A seemingly modest 3 percent could turn out to be a big deal for states and many localities. Section 511 of the Tax Increase Prevention and Reconciliation Act of 2005, known as TIPRA, requires states and localities (those cities that do more than $100 million in business) to withhold 3 percent of nearly all payments for goods and services, and remit the money to the IRS for income tax purposes. Delayed several times, Section 511 is now due to start in January 2013 for new contracts, and its potential costs are causing concern in the procurement community. So far, the total is in the tens of billions of dollars -- that’s a major impact on a still-anemic economic recovery.
The intent of Section 511 is to increase revenue without raising taxes. That is an attractive proposition. But as with many unfunded mandates, the compliance measure brings with it a significant shift in costs to state and local governments at a most inopportune time.
“The real cost is lost,” laments Ron Bell, president-elect of the National Association of State Procurement Officials. He warns that the withholding requirement will reduce competition in public procurement and increase costs to taxpayers. When states and localities purchase goods or services now, they pay the vendor in full, leaving it up to them to pay the IRS. Once TIPRA goes into effect, governments will be required to withhold the 3 percent at the time of purchase.

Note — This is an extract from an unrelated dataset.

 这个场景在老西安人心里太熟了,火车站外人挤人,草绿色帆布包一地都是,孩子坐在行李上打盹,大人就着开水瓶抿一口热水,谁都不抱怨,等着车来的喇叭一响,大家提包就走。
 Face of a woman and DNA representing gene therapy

The scheme restricts cash flow for all businesses, but could hurt cash-strapped small companies, in particular.
“Businesses often fail because of cash flow issues and this takes 3 percent right out of the cash flow,” he says.

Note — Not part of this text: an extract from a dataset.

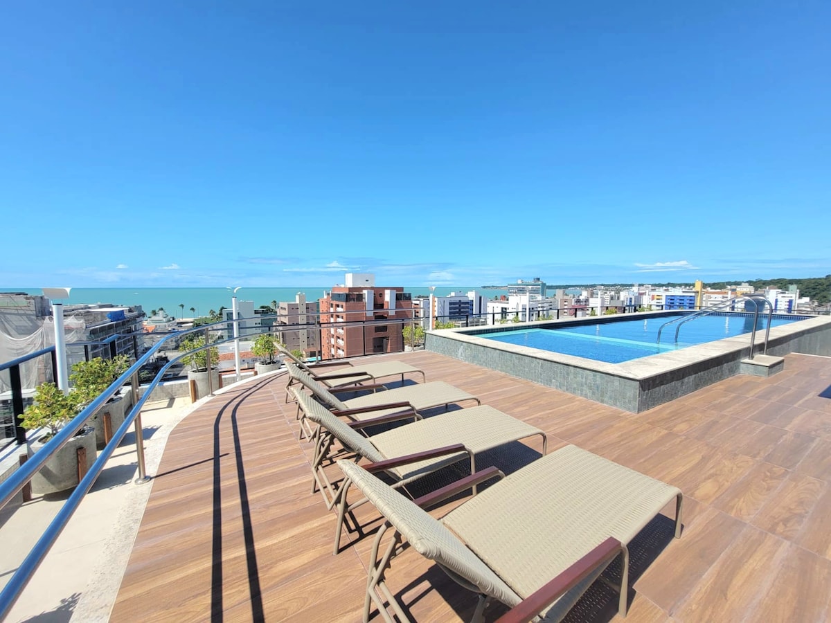 ¡Relájese en este lugar único y tranquilo! Loft nuevo, recién amueblado, frente al mar de Bessa, perfecto para familias pequeñas (hasta 4 personas) o para viajeros individuales. Está dividido de la siguiente manera: ocio privado con jacuzzi y vistas privilegiadas al mar, suite doble con smart TV y estación de trabajo, cocina completa con utensilios principales integrados con la sala de estar que cuenta con un sofá cama, smart TV y una hermosa vista del primer amanecer de las Américas.

Officials also worry vendors may simply increase their prices by 3 percent or more, in order to minimize their loss of revenue. States and localities will likely have to absorb this increase, seriously impacting their ability to obtain the lowest possible pricing for purchases using public funds. Bell’s concerns are echoed by the Government Withholding Relief Coalition, an industry-backed group that has pushed for repeal of the provision.
States and localities face added costs of $10 billion over five years, according to the coalition, an amount that could rise to as much as $48.4 billion if the IRS fails to exempt credit card purchases. That does not include the liability the legislation imposes on state and local governments to remit the tax to the IRS.
“If we don’t come out of the chute withholding that 3 percent, then the state is liable for it,” says Bell.
“In theory it sounds easy just to put a flag on it and remit those moneys, but it operates much differently in your payroll system,” observes Cornelia Chebinou, who speaks for the National Association of State Auditors, Comptrollers and Treasurers. Her members run the computer systems that have to make Section 511 work, and most would require significant modifications to tables, files, document processes, withholding rules, category codes, exception processing and error tracking.
Given enough time and clear rules, most of the requirements to implement the withholding provision can be accomplished with changes to software code. What cannot be automated will require manual intervention and more staff time.
In addition, contracts with vendors may have to be reopened, renegotiated and reset. Last month, the IRS delayed implementation for the thrid time when it released its final rule on exactly how states and localities should implement the withholding tax.
States and localities -- together with the coalition -- would like to kill the provision once and for all. Repeal legislation has been introduced in both the House and Senate, but its passage relies on finding $10.9 billion over 10 years to make it revenue neutral. That requirement could not come at a worse time either.